Hm hm I did see that picture and I do see how they look orange and how they're shoaling. My rasboras shoal too... When I get home, I'll see if I can find a picture of mine that shows the color. I'm no photographer so this may never happen.

Btw, your tanks are beautiful! Both the rasbora tank and your 13 stones tank. I don't know how important schooling behavior vs shoaling behavior is to you. It seems like the best schooling fish are ember tetra & rummynose tetra. Based on your scape, I immediately think you would want fish that will swim in the upper-to-middle levels of your tank. (This is assuming you will stick with keeping the hardscape the focal point with low, carpet plants.) I think rasboras fit that bill but I can see how you want to try a different rasbora species. 

I think CPDs tend to stick to the lower-to-middle levels of tanks, so I would not recommend that. Most tetras do too... I get the impression most iwagumi tanks have rasboras or tetras though. How about rainbowfish? Rainbowfish tend to be in the upper levels and seem to fit the bill in terms of pH. Maybe threadfin rainbowfish? I found this video online... http://www.youtube.com/watch?v=XJdoAOLAtc8 They stocked it like a store would. I would get less, but they do seem to stick to that upper-middle water level. Maybe pseudomugil furcata? http://www.youtube.com/watch?v=MA1iirBB1dM They seem to be all over the place and maybe more lively than you're looking for. Your scape reminds me of a minnow habitat. Maybe Tanichthys micagemmae?


----------



## talontsiawd (Oct 19, 2008)

Yeah, most iwagumi or iwagumi inspired tanks (I don't consider my tank iwagumi but it is heavily based of the style) have Tetra's or Rasbora's. Schooling behavior is important in this style of tank as you normally use a single species and the fish are really out in the open as their isn't much hiding going on. That is why Rummynose was at the top of my list but Cardinals can school well and their appearance put them in the running. 
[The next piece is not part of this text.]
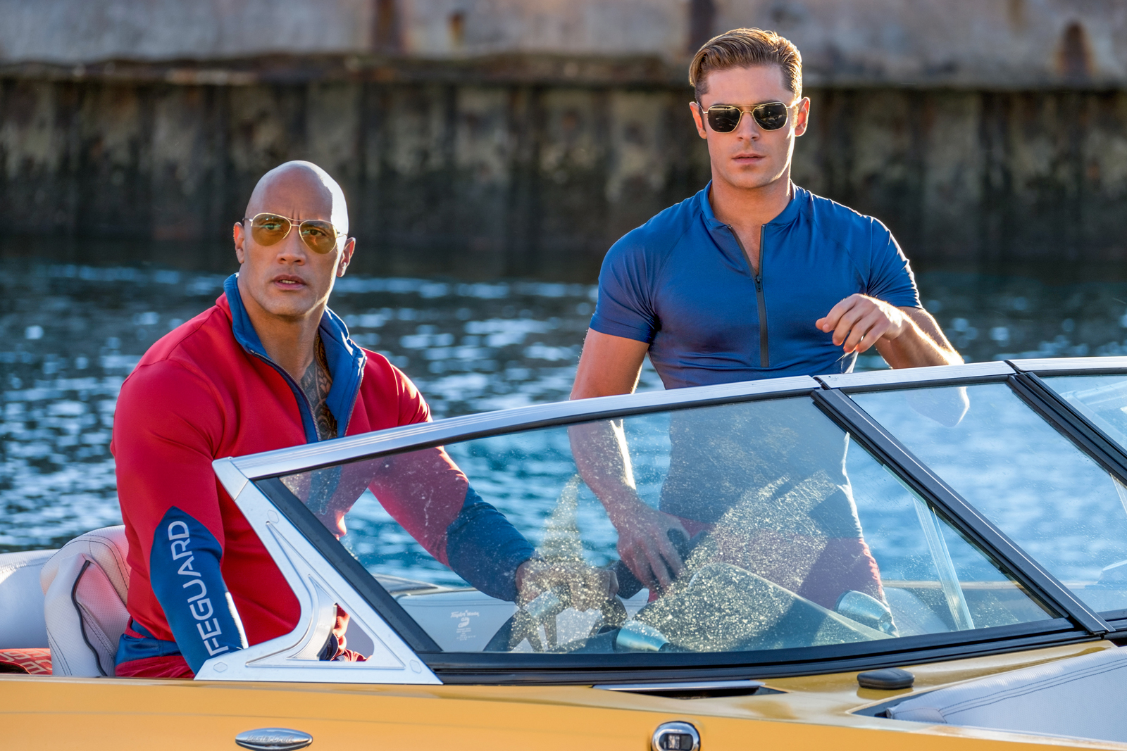 Trading Malibu, California, for Emerald Bay, Florida, the story follows Mitch Buchannon (Dwayne Johnson), the overzealous leader of an elite Broward County lifeguard squad known as Baywatch — now here’s a man who takes his job (and team) far too seriously. Mitch’s world, however, is rocked to its very core when he’s forced to enlist Matt Brody (Zac Efron), an arrogant washed-up Olympic Gold medalist, as the new face of ‘Baywatch,’ this young gun brought in to restore the sinking brand, a PR stunt set in motion by Captain Thorpe (Rob Huebel), the group’s supervisor. While the no-nonsense Buchannon and the rambunctious upstart initially butt heads (and pecs), the two are forced to put their petty ‘macho man’ rivalry aside when a dead body is discovered in their precinct — the seaside! Now, to protect the bay, Mitch and Brody — along with their team of highly sexed lifesavers — must become the defenders of the sand and surf, their investigation leading them to a drug smuggling operation headed by suspected criminal ‘big fish’ Victoria Leeds (Priyanka Chopra), who happens to be the new owner of the high-status beachfront resort, the Huntley Club.

I have been interested in threadfin rainbowfish. They are a bit less active but are attractive. The only place I know that carries them is about an hour away from me at this point. I go there when I am in the area but I keep moving further away from them, not closer.
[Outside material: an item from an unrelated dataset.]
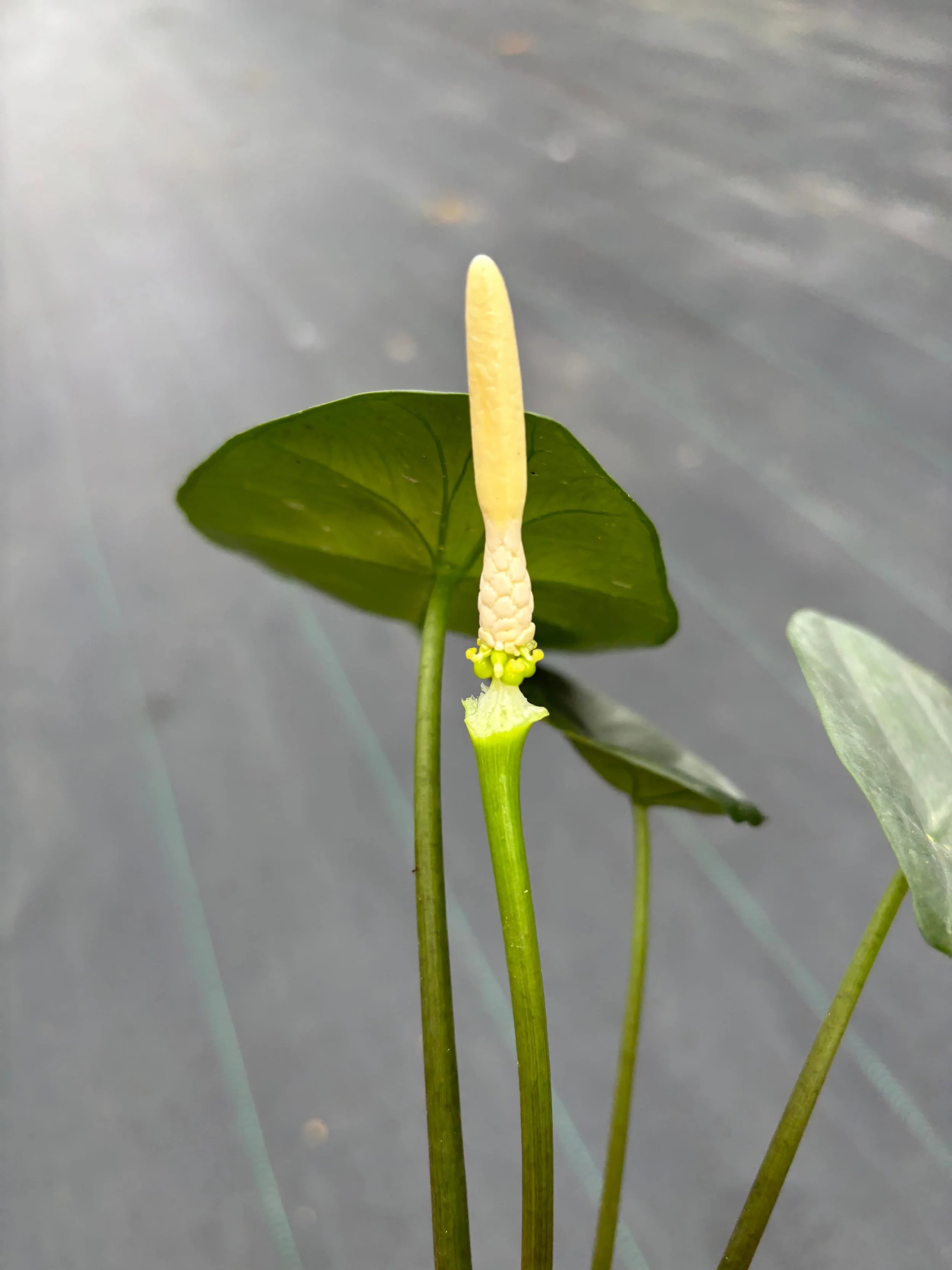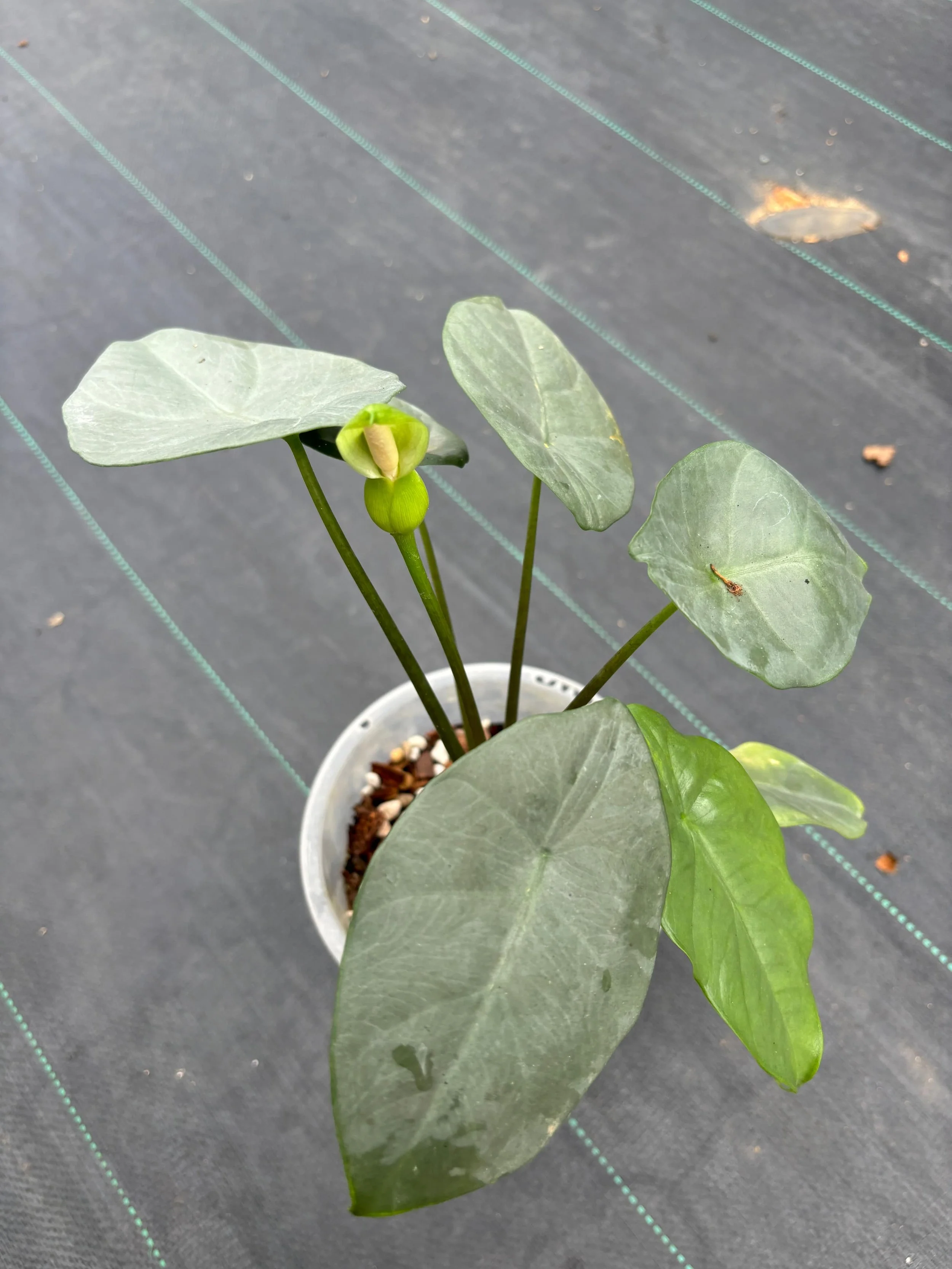 Inflorescence solitary to paired; peduncle about half to subequalling the length of the petioles; spathe greenish yellow to white, ca. 6 cm long; lower spathe ovoid, ca. 3 cm long; limb narrowly ovate, at first erect, then reflexed; spadix shorter than spathe, ca. 5 cm long, stipitate for 4 mm; female zone ca. 7 mm long; pistils few - ca. 15, rather large - ca. 4 mm long; ovary globose, 2.5 mm diam.; style 1.5 mm long; stigma prominently 2-3-lobed; sterile interstice ca. 2.5 mm long, a single whorl of synandrodia; male zone 1.5 cm long, entirely within and filling the upper half of the lower spathe chamber, conic - ca. 8 mm diam. at base narrowing to 5 mm at apex corresponding with spathe constriction; synandria relatively large - 4 mm diam., more or less hexagonal, 3-5-merous; thecae opening by apical pores not overtopped by synconnective; appendix narrowly cylindric, ca. 2.5 cm long, 4 mm diam., deeply grooved, white to yellowish; fruiting peduncle subequalling the petioles; fruiting spathe ovoid, ca. 4 cm long, the spathe dehiscing longitudinally; berries bright red.

I will have to check out ember tetra's as I haven't really seen them in person. Maybe someone carries them and I just never saw them. 

But yeah, you are correct on the types of fish/behavior that is desirable for this type of tank. It's much more about them being harmonious with the layout than just being attractive or cool to look at. Otherwise I would just do some cool looking guppies as I really actually love guppies, you can find amazing looking ones, and I have yet to have guppies that I didn't like their behavior. They would just distract me from the scape.
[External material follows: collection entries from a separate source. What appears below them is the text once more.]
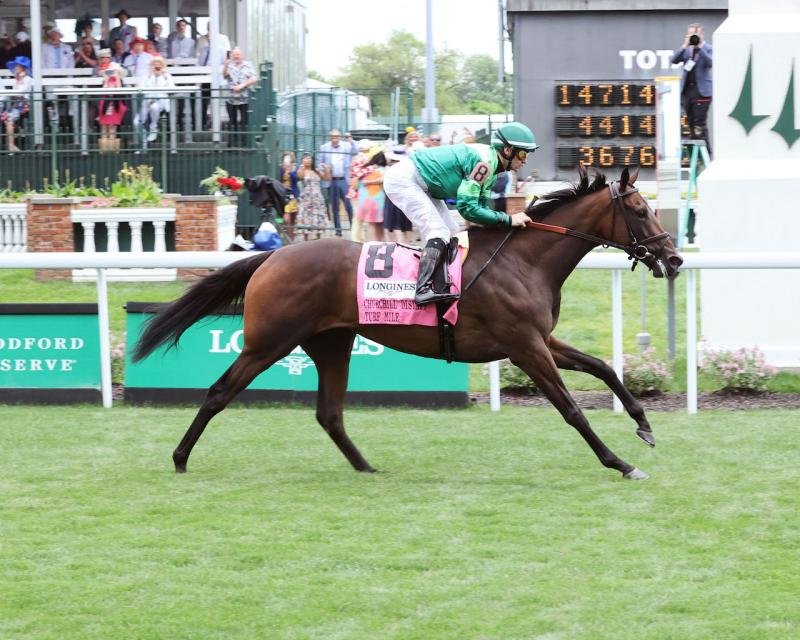 Cinquième top price de l’historique vente d’élevage Arqana de décembre 2021, la quintuple lauréate de Listed et 2e de la Poule d’Essai des Pouliches (Gr.1) Speak of The Devil avait été acquise pour la somme de 1,950.000 € par Michel Zerolo pour le compte d’un propriétaire américain bien connu en France, Peter Brant. La fille de Wootton Bassett s’est depuis envolée pour le USA afin de rejoindre les boxes de celui que l’on surnomme « King of the Turf » : Chad Brown. Pas revue en piste depuis sa victoire dans le Prix Tantième en novembre, Speak Of The Devil s’est facilement imposée le jour des Kentucky Oaks, dans les Churchill Distaff Turf Mile Stakes, un Gr. 2 sur le gazon.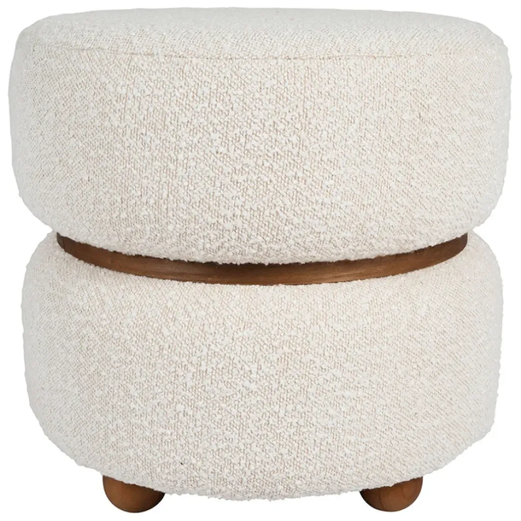 Le tabouret en tissu et pin blanc séduit par son allure naturelle et ses lignes épurées.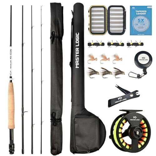 Master Logic Fly Fishing Rod and Reel Starter Kit, Graphite Rod with Cork Handle, Die Cast Reel, Box & Flies (5/6Wt-8'0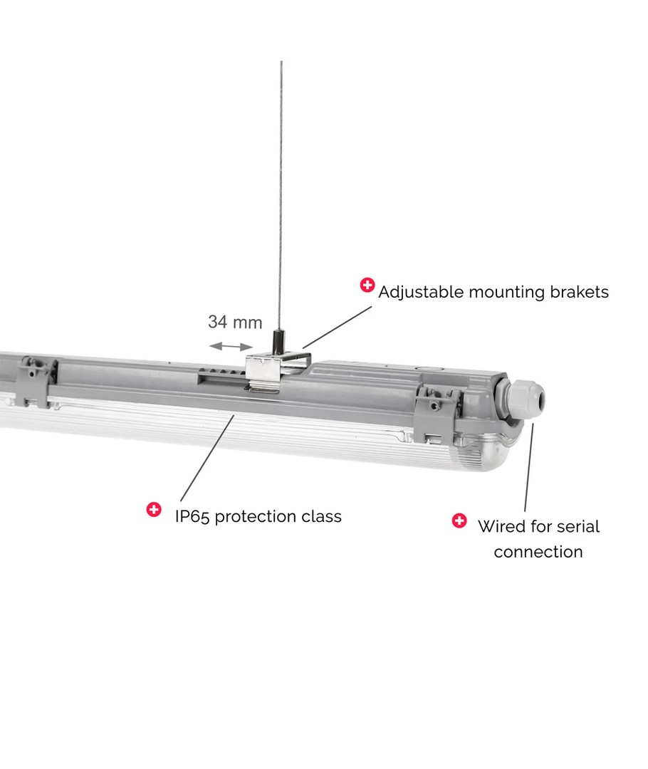 Dette armaturet er ideelt for deg som trenger en pålitelig og energieffektiv belysningsløsning. Det leveres med et 120 cm LED-rør og har en lysstyrke på 2000 lumen. LED-teknologien sørger for en høy lysspredning på 270 grader, noe som gir en jevn fordeling av lyset i rommet.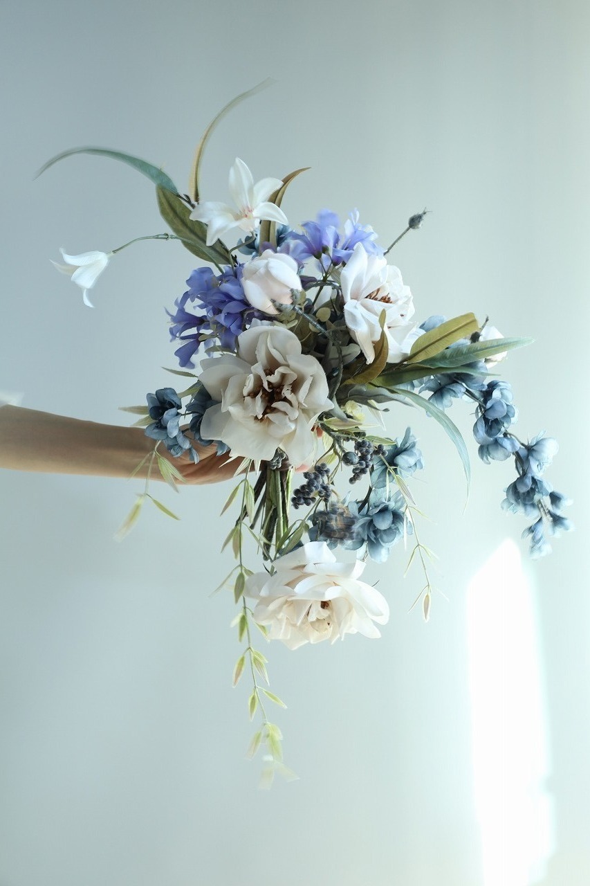 グレイッシュなデルフィニウムと、落ち着いたベージュのバラを主役に、色と質感の“間”を大切に束ねたウェディングブーケです。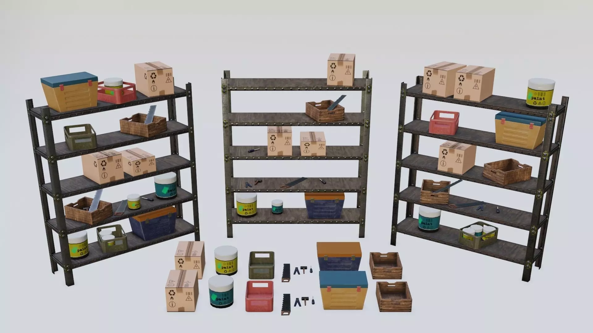 This GAME READY RACK and Environment Props 3d model set is created with 3d Software and textured in Substance Painter. You can use these models in your games, visual projects etc.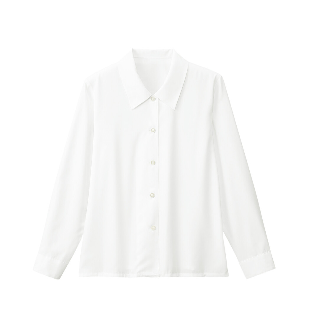 女性の品を感じさせる上品な長袖ブラウスです。ポリエステル85%と綿15%のライティビエラという素材を使用しているので、繰り返し洗濯してもしわになりにくく、型崩れしにくいのが特徴です。自然なソフトさときれいな白さをキープしてくれるので、いつでも新品のような着心地に。おうち洗濯ができるので、いつでも清潔なままを保てて、清楚なイメージを着こなせるシンプルブラウスです。従来品の3/4の乾燥時間なので、時間も手間もかからない優秀な長袖ブラウスです。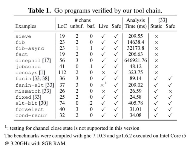 Type checking has come a long way… automated liveness and safety checking for all forms of concurrency in Go would be an incredibly useful tool, no doubt saving hours of frustration trying to diagnose and debug errant concurrent behaviours.

Thanks for the compliments btw. I have had some tanks I am really proud of over the years but the last few years have made it hard for me to keep something looking good for long periods of time. Hopefully that changes as I finally live at one place 100% of the time, not 2 places for unknown times (long story).


----------



## ZLogic (Aug 7, 2011)

A dozen ember tetras or chili raspboras. I'm shooting for 20 embers in a 40B. I love the look of tiny fish against a large piece of wood or a very broad leaved plant.


----------



## talontsiawd (Oct 19, 2008)

So....featherfin rainbow fish won out. It was just a thing about what I could get locally and easily. 


I really hope I didn't jump the gun on this. I actually was just trying to buy a master test kit, or a ammonia and nitrite test kit but they didn't have one. I could have gone home and got some water to test but I was being arrogant. My substrate has been used for about 3-4 years, I did keep it really wet when I moved it, my filter had water in it but that likely won't help as it was like a week. I hope I didn't jump the gun, crossing my fingers. Running my UV for the first few days at least.


----------